NOT FOR PUBLICATION
UNITED STATES COURT OF APPEALS
FILED
FOR THE NINTH CIRCUIT
AUG 20 2015
MOLLY C. DWYER, CLERK
U.S. COURT OF APPEALS
JASON SCOTT HARPER, No. 14-15327
Plaintiff - Appellant, D.C. No. 1:10-cv-00926-LJO-GSA
v.
MEMORANDUM*
ARNOLD SCHWARZENEGGER; et al.,
Defendants - Appellees.
Appeal from the United States District Court
for the Eastern District of California
Lawrence J. O’Neill, District Judge, Presiding
Submitted August 18, 2015**
San Francisco, California
Before: CLIFTON, N.R. SMITH, and CHRISTEN, Circuit Judges.
Jason Scott Harper appeals pro se from the district court’s judgment
dismissing his 42 U.S.C. § 1983 action alleging that prison officials failed to
*
This disposition is not appropriate for publication and is not precedent
except as provided by 9th Cir.

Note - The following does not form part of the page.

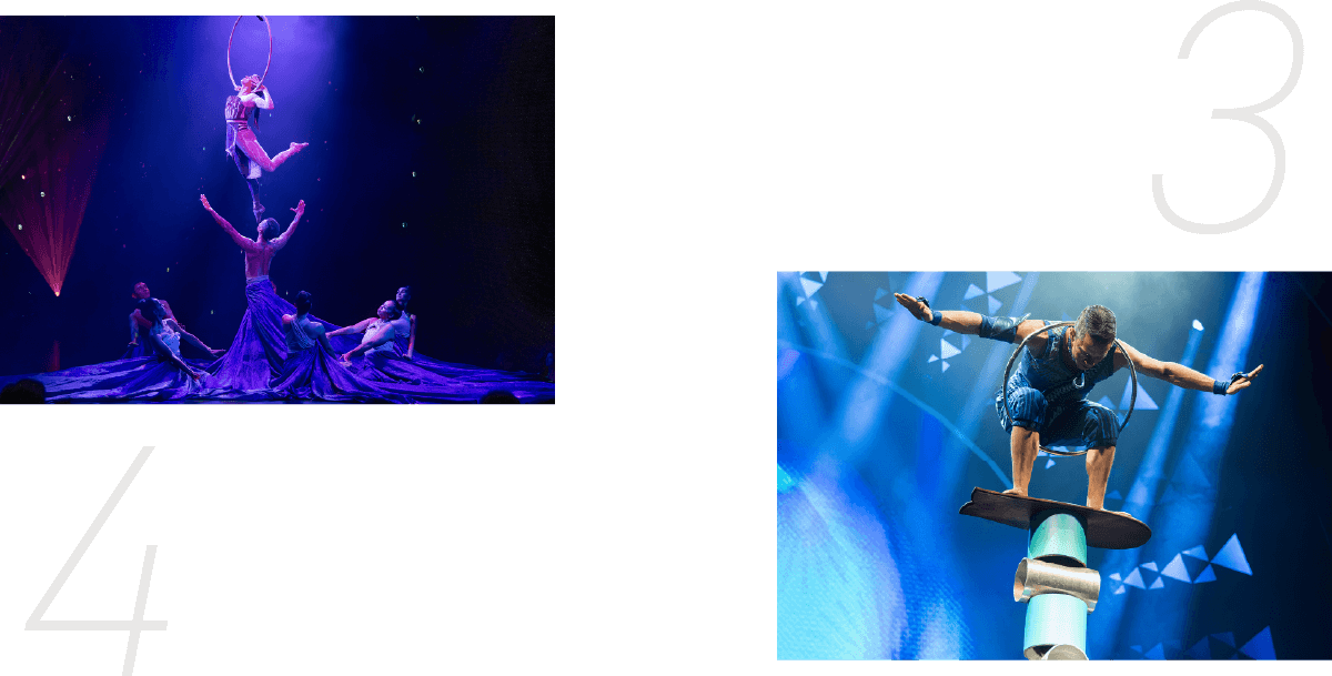 アクロバット、コメディ、フラ、音楽などが融合した壮大な作品をお楽しみください。

R. 36-3.
**
The panel unanimously concludes this case is suitable for decision
without oral argument. See Fed. R. App. P. 34(a)(2).
protect him from assault by his cellmates. We have jurisdiction under 28 U.S.C.
§ 1291 and we affirm.
The district court properly dismissed Harper’s action for failure to state a
claim. See Wilhelm v. Rotman, 680 F.3d 1113, 1118 (9th Cir. 2012) (explaining
we review de novo an order dismissing a prisoner complaint under 28 U.S.C.
§ 1915A for failure to state a claim). The record demonstrates Harper failed to
plead facts sufficient to sustain a plausible Eighth Amendment violation claim.
See Lemire v. Cal. Dep’t of Corr. & Rehab., 726 F.3d 1062, 1074 (9th Cir. 2013)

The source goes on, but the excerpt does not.